▶ _Data listing_
--------------------------------

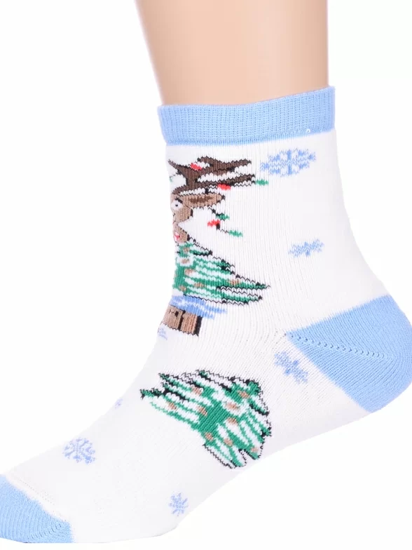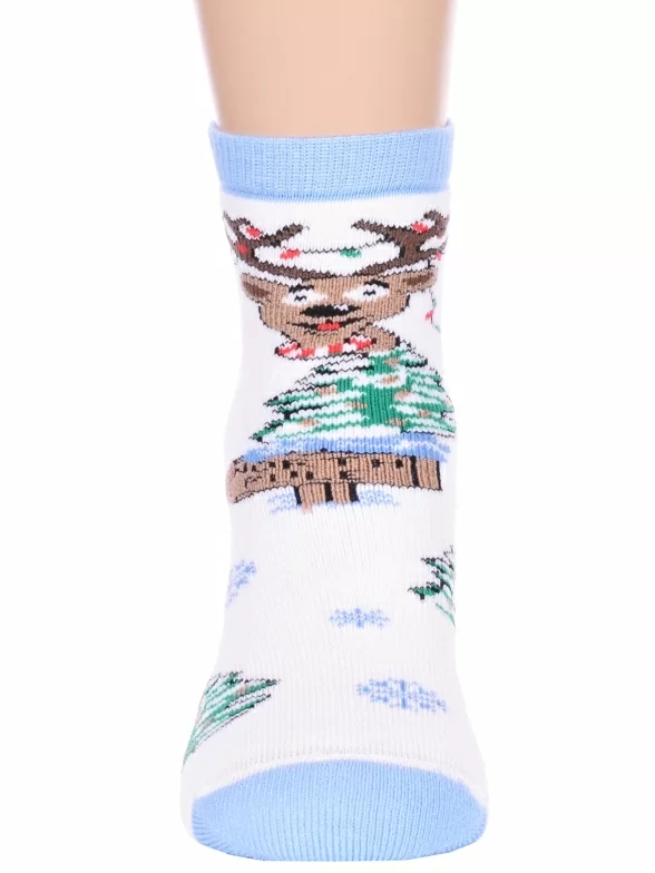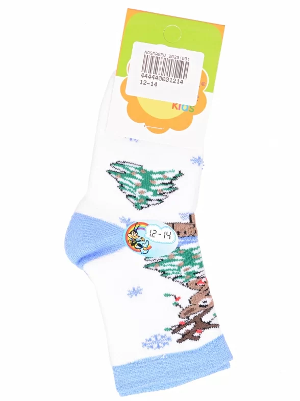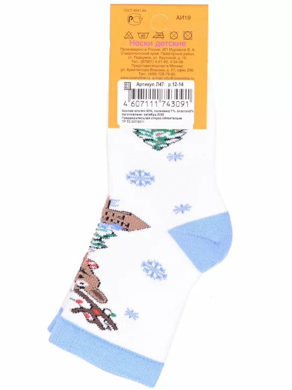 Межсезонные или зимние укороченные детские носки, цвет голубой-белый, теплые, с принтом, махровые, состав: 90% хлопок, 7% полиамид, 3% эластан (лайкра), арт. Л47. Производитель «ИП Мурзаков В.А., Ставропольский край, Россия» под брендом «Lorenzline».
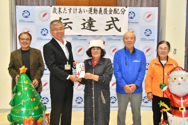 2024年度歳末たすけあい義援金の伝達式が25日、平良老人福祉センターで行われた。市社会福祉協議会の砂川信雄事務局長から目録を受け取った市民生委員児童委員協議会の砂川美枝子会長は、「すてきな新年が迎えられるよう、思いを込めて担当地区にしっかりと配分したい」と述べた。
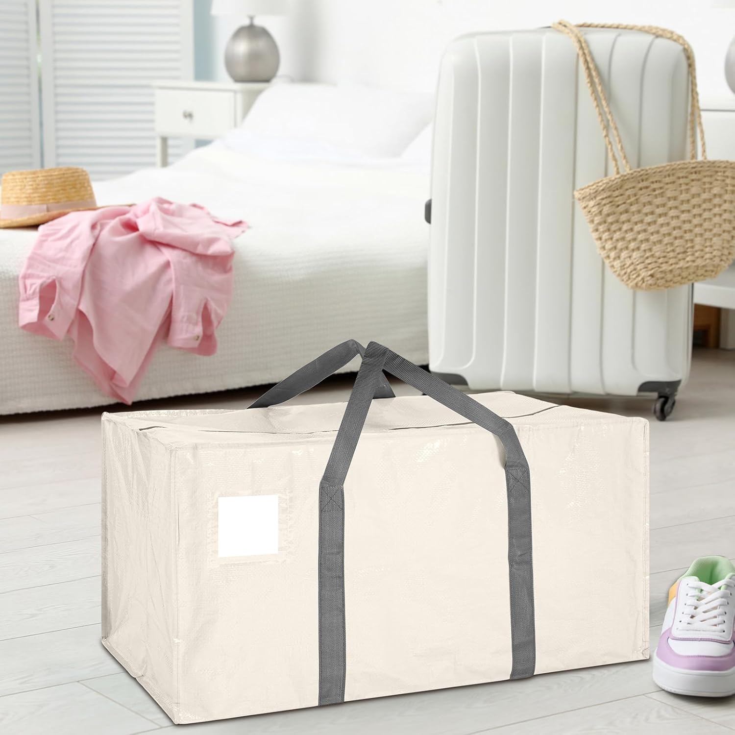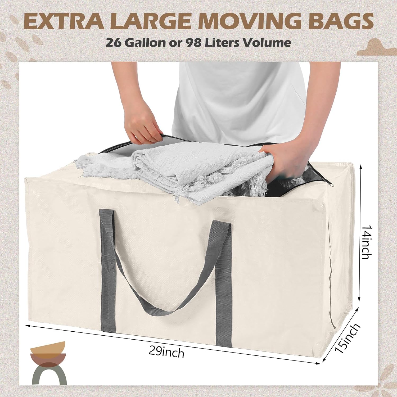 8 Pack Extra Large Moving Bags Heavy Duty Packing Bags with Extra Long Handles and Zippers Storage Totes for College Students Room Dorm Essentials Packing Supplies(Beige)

--------------------------------

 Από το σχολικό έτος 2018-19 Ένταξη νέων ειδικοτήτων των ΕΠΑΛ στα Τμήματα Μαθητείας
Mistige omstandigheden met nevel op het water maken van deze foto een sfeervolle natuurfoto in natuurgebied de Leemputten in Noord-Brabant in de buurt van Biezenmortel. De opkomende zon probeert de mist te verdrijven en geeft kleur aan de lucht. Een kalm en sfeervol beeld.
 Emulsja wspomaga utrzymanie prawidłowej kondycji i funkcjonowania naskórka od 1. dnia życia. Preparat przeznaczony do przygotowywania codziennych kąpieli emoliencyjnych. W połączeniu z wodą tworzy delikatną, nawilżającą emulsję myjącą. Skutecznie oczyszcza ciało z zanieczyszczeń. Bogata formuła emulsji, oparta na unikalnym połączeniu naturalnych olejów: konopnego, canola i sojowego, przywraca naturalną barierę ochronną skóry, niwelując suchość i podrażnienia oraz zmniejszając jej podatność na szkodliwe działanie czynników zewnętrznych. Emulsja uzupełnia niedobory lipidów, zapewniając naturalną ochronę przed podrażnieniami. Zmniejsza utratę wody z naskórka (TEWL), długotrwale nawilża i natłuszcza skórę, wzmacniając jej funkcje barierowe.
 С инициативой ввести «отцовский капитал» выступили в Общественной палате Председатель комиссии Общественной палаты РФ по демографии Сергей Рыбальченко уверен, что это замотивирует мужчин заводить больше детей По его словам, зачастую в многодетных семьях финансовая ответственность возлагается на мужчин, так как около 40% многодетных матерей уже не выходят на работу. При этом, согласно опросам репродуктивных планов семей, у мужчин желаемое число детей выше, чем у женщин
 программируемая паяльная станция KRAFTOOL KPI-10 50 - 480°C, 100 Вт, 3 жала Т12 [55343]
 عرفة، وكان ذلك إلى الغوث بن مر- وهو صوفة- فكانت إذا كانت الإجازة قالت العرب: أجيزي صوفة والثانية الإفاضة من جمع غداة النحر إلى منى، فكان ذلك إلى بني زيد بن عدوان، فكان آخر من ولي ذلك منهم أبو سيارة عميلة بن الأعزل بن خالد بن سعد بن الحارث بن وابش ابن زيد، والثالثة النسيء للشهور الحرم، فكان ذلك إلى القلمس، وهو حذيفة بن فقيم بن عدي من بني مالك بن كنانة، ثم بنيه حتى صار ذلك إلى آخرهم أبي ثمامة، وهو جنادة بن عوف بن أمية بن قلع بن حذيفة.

--------------------------------

▶ _About this task_
Look above for the line holding "Межсезонные или зимние" and output everything from it down to the line holding "8 Pack Extra", both ends included, exactly and without images.

▶ _Expected answer_
 Межсезонные или зимние укороченные детские носки, цвет голубой-белый, теплые, с принтом, махровые, состав: 90% хлопок, 7% полиамид, 3% эластан (лайкра), арт. Л47. Производитель «ИП Мурзаков В.А., Ставропольский край, Россия» под брендом «Lorenzline».
 2024年度歳末たすけあい義援金の伝達式が25日、平良老人福祉センターで行われた。市社会福祉協議会の砂川信雄事務局長から目録を受け取った市民生委員児童委員協議会の砂川美枝子会長は、「すてきな新年が迎えられるよう、思いを込めて担当地区にしっかりと配分したい」と述べた。
 8 Pack Extra Large Moving Bags Heavy Duty Packing Bags with Extra Long Handles and Zippers Storage Totes for College Students Room Dorm Essentials Packing Supplies(Beige)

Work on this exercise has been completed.